We are here to protect you and ensure you don’t get into hot water – one way is to be entirely truthful with your accountant. If you don’t, you are risking your business future.
The last thing you want is a visit from HMRC at your premises because you failed to tell the correct figures to HMRC, and HMRC is visiting businesses more regularly since the credit crunch – they are now coming down hard on businesses who may have a strong likelyhood of being above the VAT threshold.
You need to make sure you are on the right side of the law.
If you hear of someone who is in the same industry as you and they are not registered for VAT, and you are suspicious they are above the VAT threshold – DO NOT COPY THEM. This is the biggest mistake you can make. You must speak to your accountant and they will explain the situation to you in detail.

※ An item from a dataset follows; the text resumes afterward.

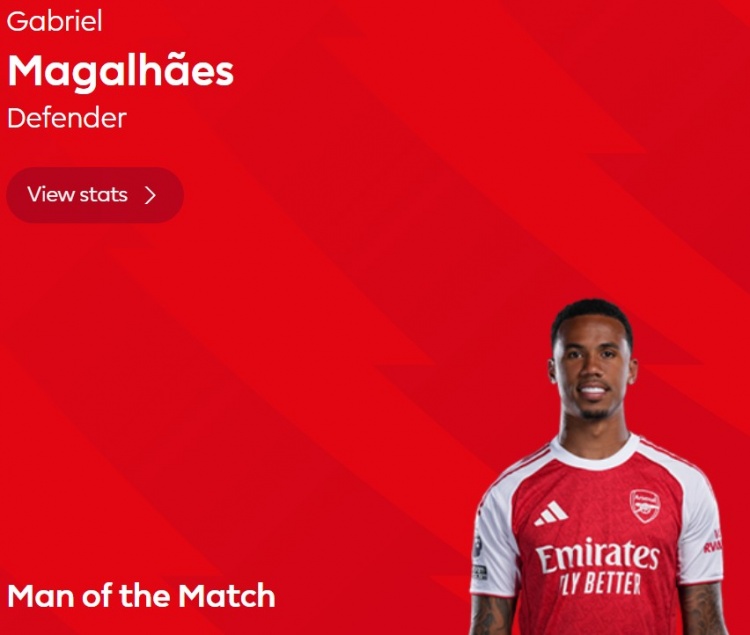 本场比赛加布里埃尔首发出战进展持重,,孝敬6次突围,赛后他也当选英超官方球迷票选全场最好球员。

Not registering for VAT is not a competition to see how long you can get away with it for – this can have dire consequences…
It really isn’t difficult for HMRC to find out if you are near the threshold or if you have passed it. A simple check outside your business will give a rough estimate of numbers of customers coming in and out and rough expenditures. If you constantly show a small figure – HMRC can check other businesses in the same industry in you and see how far you are off the figures.

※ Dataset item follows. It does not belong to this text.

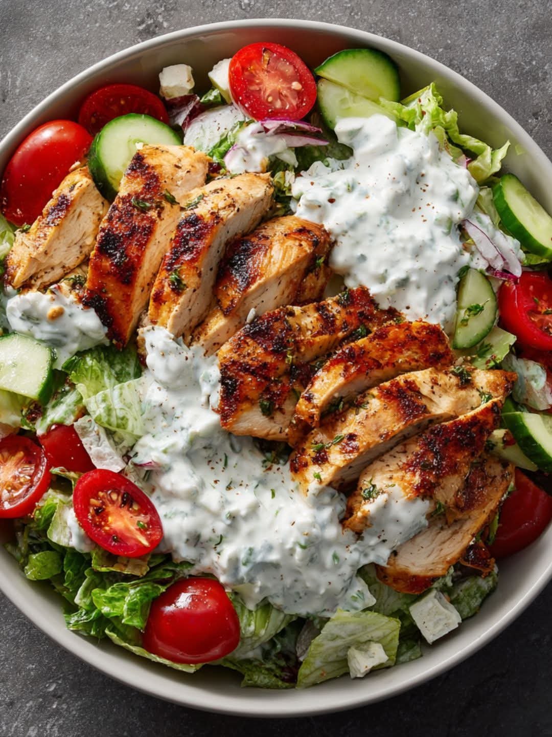 A crisp, colorful Fresh Greek-style salad loaded with crunchy romaine, sweet cherry tomatoes, cool cucumber, briny feta, and tender paprika-garlic chicken. Mediterranean flavor, weeknight speed.

They are also able to access bank accounts and access your accounts with companies house. So if you are thinking of not registering for VAT and think you won’t be found out, think again.
HMRC can also visit you in person. It seems strange doesn’t it? HMRC can visit me?? It doesn’t matter if you are a small business or a large one you are liable to a visit from the VAT inspector at some time in your business life.

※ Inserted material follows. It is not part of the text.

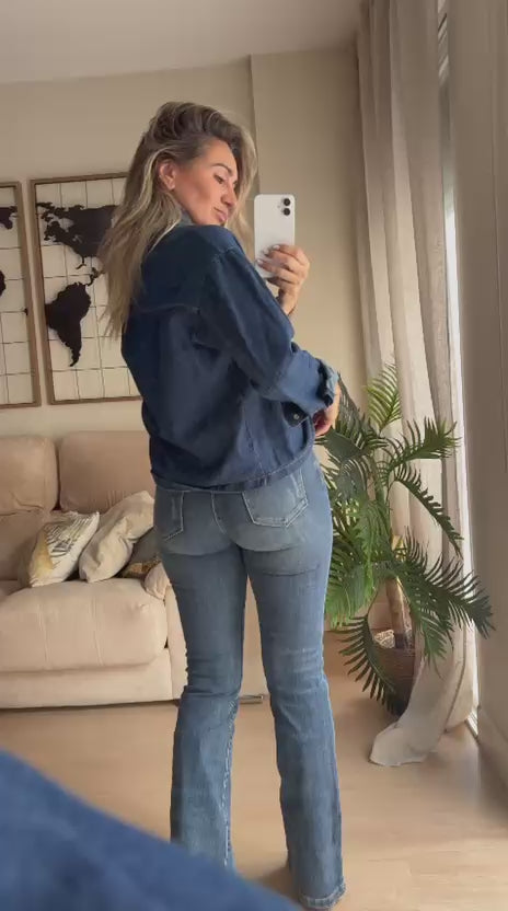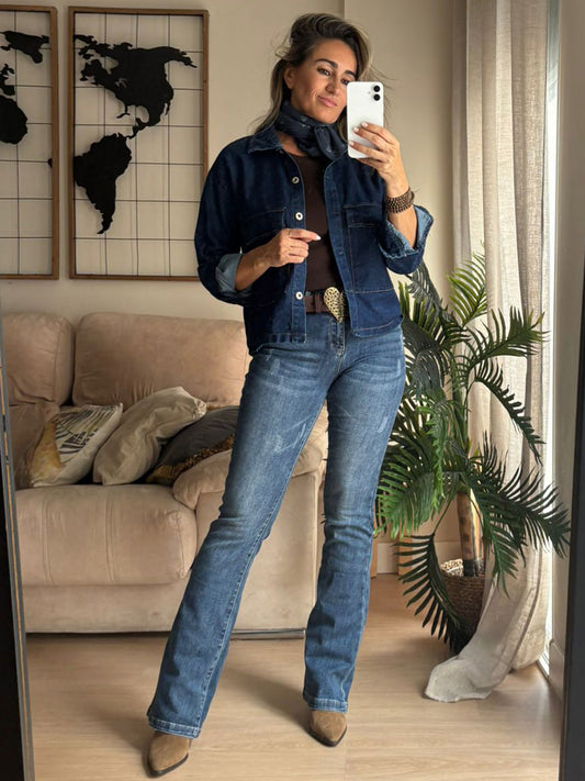 Chaqueta vaquera en denim azul oscuro, con corte recto y detalles minimalistas que la convierten en un fondo de armario imprescindible.

This is why it is critical to keep your records intact for the previous 5 years and keep them at your premises. Do not assume your accountant will store all your records – they are not liable for your personal business records!
HMRC has been known to be quite lenient in recent years when re-claiming VAT back from businesses who have passed the threshold.
Nowadays, HMRC will reclaim all the money back from you and backdate the money – potentially bankrupting and crippling your business. Under current measures they are asking for businesses to voluntarily come to them and through this “amnesty” they may be able to offer a payment plan to you.
Under very large repayments and a fraudulent element has been detected you could be liable to a fine and possible criminal conviction.
One of the biggest dangers of having a cash only business is it can give you a false sense of security when it comes to VAT. You may be a takeaway, a newsagent or another business that takes cash on delivery.
For a cash only business, the turnover can quickly add up and it’s at this point you need to visit your accountant and find out how to get registered for VAT. If you stay unregistered for too long you are at risk of a HMRC visit – it’s as simple as that.
If your turnover is well above the VAT threshold and have made the decision to continue not registering for VAT you are running a risk that is reckless and could cause irreversible harm to your business when HMRC realise you are.
For bank recorded businesses you can’t hide from HMRC because everything is going through the bank!
Example: Adrian only realises that his turnover has gone over the VAT threshold after he has had his annual accounts prepared. He notifies the VAT office 18 months late that he exceeded the VAT threshold. His business sales in the 18 months were £110,000. His sales should have included VAT 20% .
Adrian could face a VAT bill of £18,333. This is based on treating the £110,000 as the VAT inclusive price, so the VAT is 20/120 x £110,000. He could also face a penalty
Call us today on 01132486019 and we can help you reduce the likelyhood of HMRC visits and VAT inspections.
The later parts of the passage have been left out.